#IStandWithAhmed lesson: Curiosity is for white kids


This week, brown children across America learned a lesson: If you try to be like Steve Jobs, you could get arrested.

By now, you’ve heard about 14-year-old Ahmed Mohamed, a boy who brought a homemade clock to his high school in Irving, Texas. School officials and police called the engineering project a “hoax bomb.” Late Tuesday evening, a photo of Ahmed being led out of the school in handcuffs went viral. 

You may also have heard about the #IStandWithAhmed hashtag, and that the young man now has multiple invitations – to several college campuses, to NASA’s Jet Propulsion Laboratory, to a television show hosted by a Canadian astronaut, and even a personal invitation from Mark Zuckerberg to visit the Facebook campus.

He’s even gotten a ticket to the White House.

Hillary Clinton also tweeted her support, telling Ahmed to “stay curious and keep building.”

Her encouragement echoes another phrase – “stay hungry, stay foolish” – made famous by a more well-known tinkerer.
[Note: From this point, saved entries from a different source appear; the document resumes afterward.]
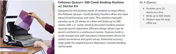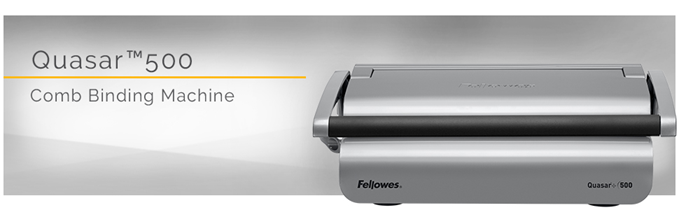 Designed for the binding needs of medium to large offices, this manual comb binding machine offers the ideal blend of performance and style. This machine manually punches up to 25 sheets at a time and binds up to 500 sheets with a 2" comb. Vertical document-loading ensures accurate punch alignment. Adjustable edge guide centers documents with ease. Efficient design allows you to punch and bind in a continuous manner. Quasar Plus Manual Comb Binding Machine also features a built-in comb storage tray with document measurement device for added convenience and quick setup. Machine also includes a binding starter pack.
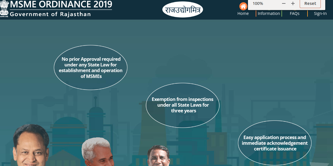 Step 1: The applicant must go to Raj Udyog Mitra's official portal for registration under the MSME Ordinance.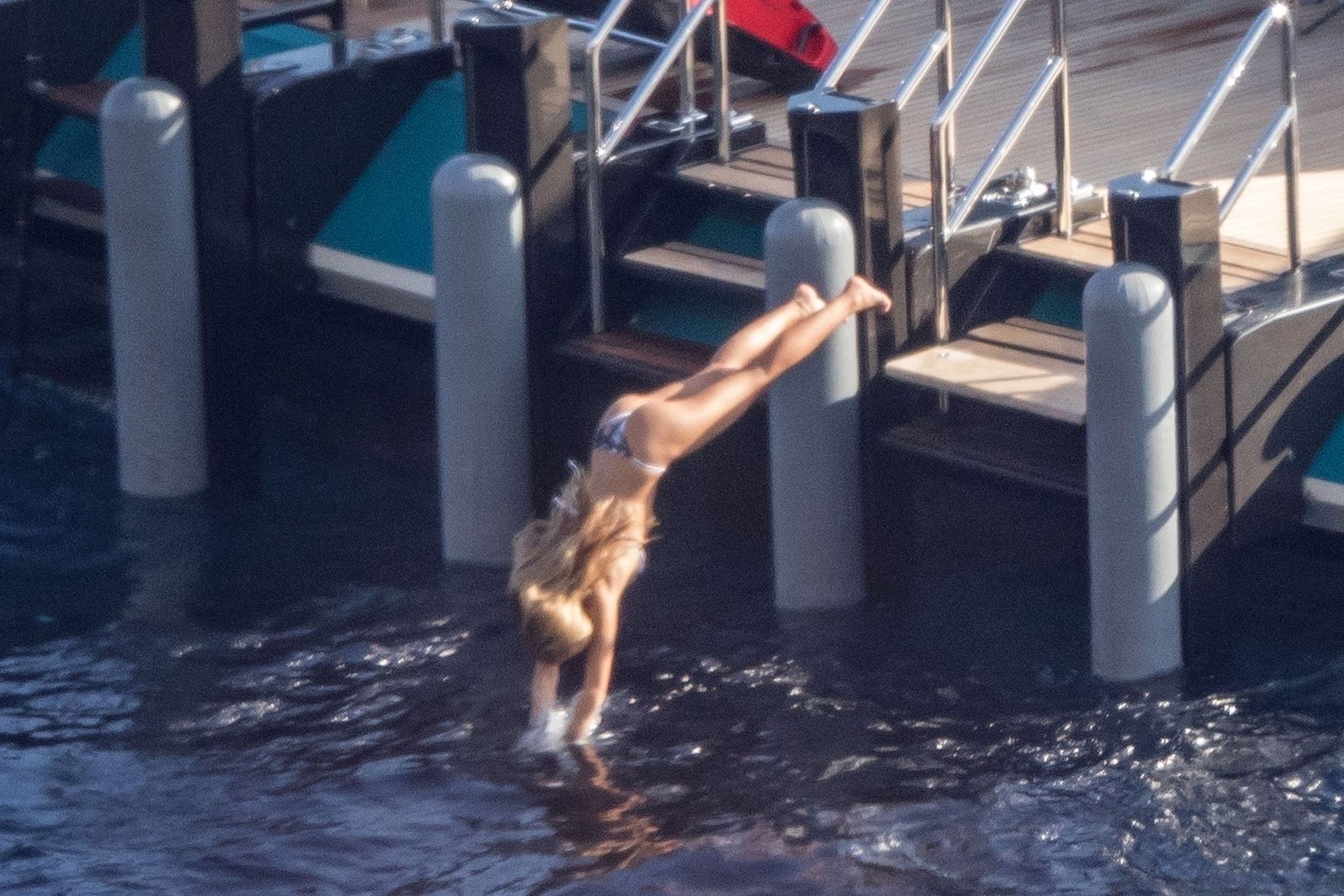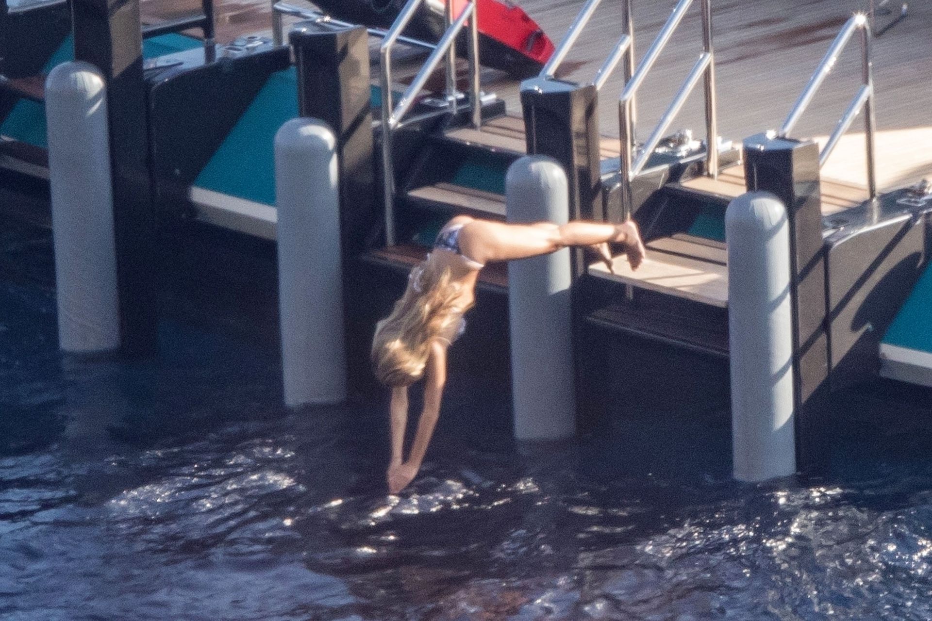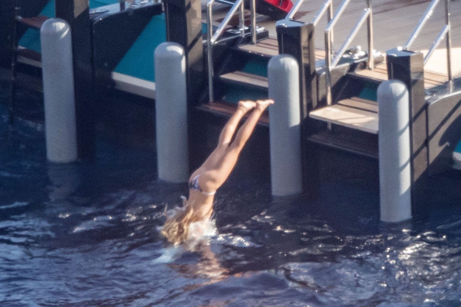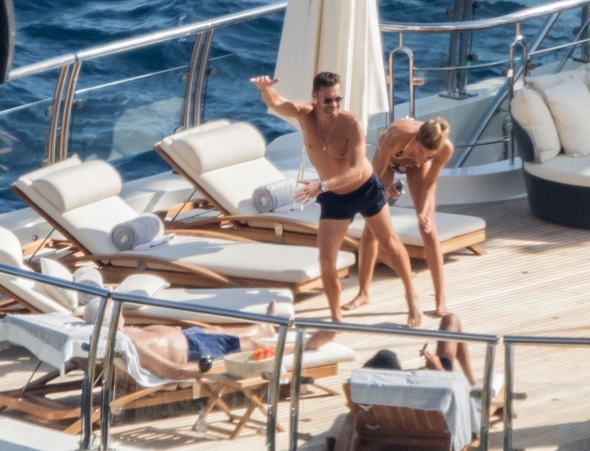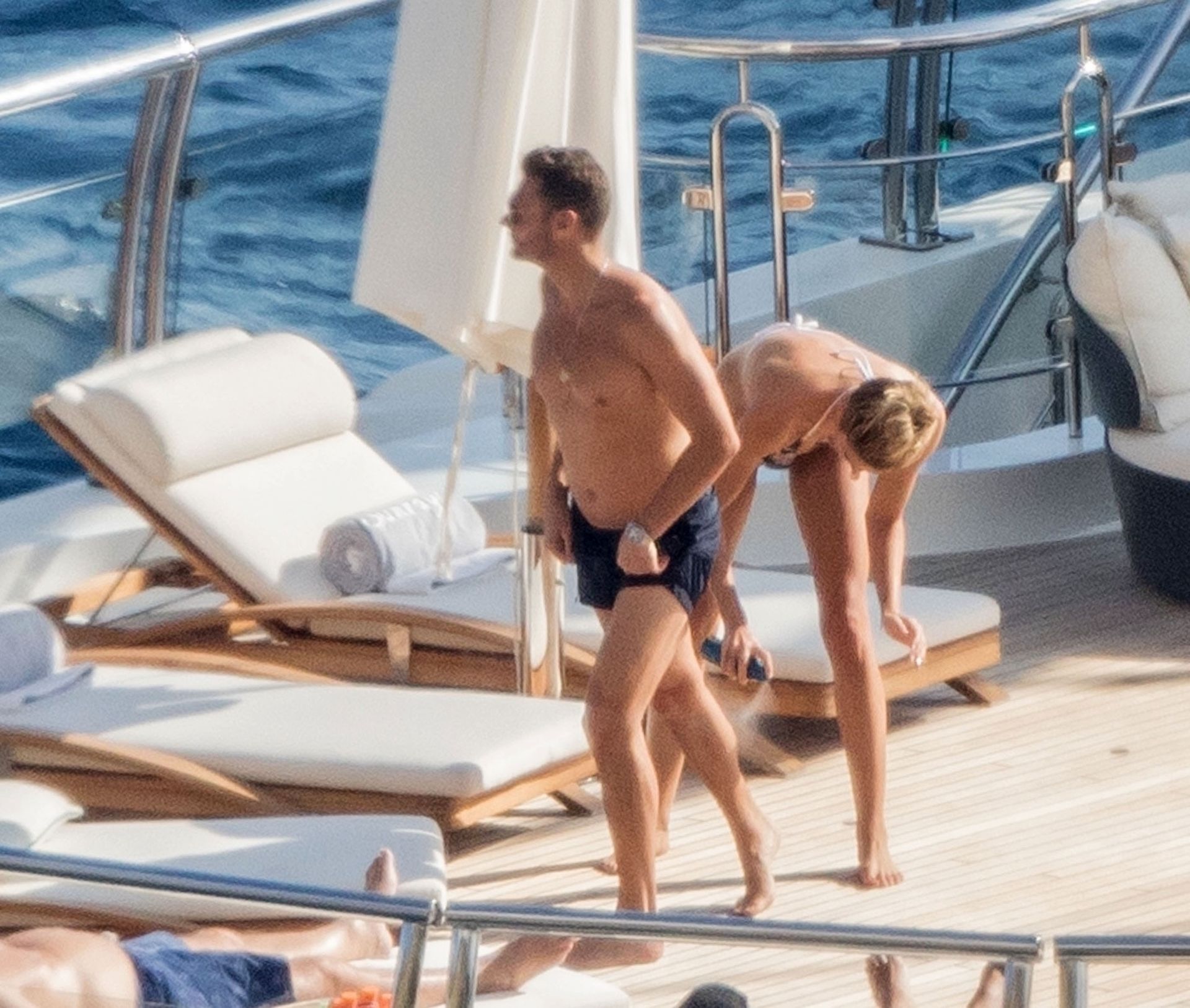 The couple were pictured relaxing onboard a luxury yacht as they enjoyed their summer holiday’s together in Italy. They were photographed diving into the sea for a swim before going back to their boat for some downtime relaxing while sunbathing.
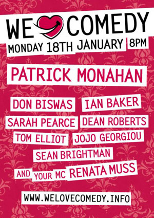 I was fortunate enough to have been invited to perform at the first We Love Comedy of 2010 (run by my good friends Sean Brightman and Renata Muss), and what a great night it was!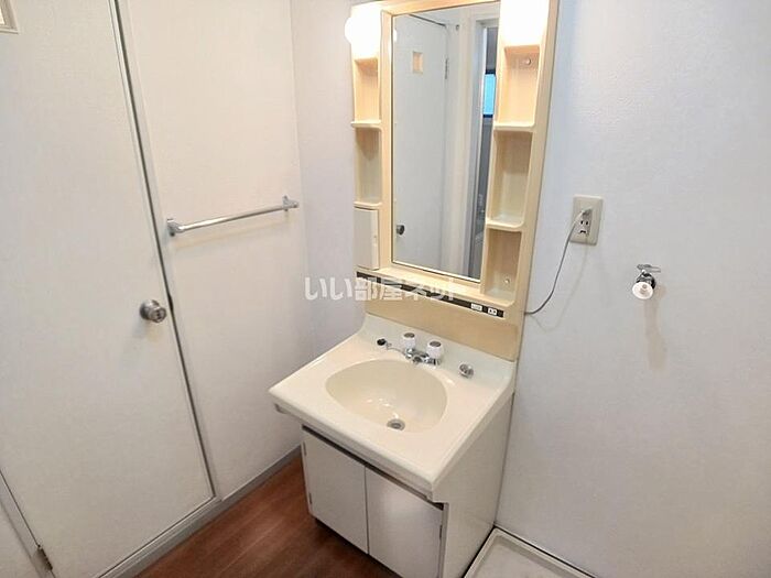 身支度に必要となる様々なアイテムを収納可能なスペースがある独立洗面台が付いています。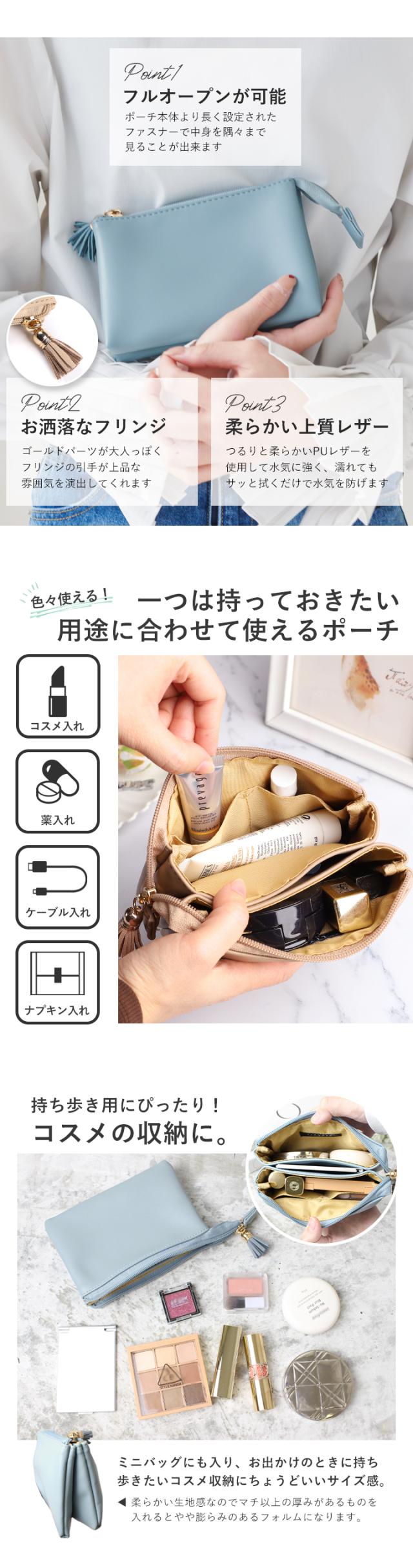 ポーチ コンパクト タッセル 小物入れ 化粧ポーチ コスメポーチ ミニバッグ フルオープン サニタリーポーチ iqosケース アイコスケース 薬入れ レディース おしゃれ LIZDAYS リズデイズ スタイルオンバック【lz-49302】

That man’s name was Steve Jobs, the co-founder of Apple.

Steve Jobs was always open about the fact that his early tinkering with electronics led to his eventual career in technology. In a 1994 interview, he shared fond recollections of being a teenager and building “blue boxes” – devices that let users make free phone calls to anywhere in the world. He was 17 – only three years older than Ahmed is now. “That was magical,” he said of his early experiments. “Experiences like that taught us the power of ideas.”

His company went on to make another revolutionary phone device – the iPhone.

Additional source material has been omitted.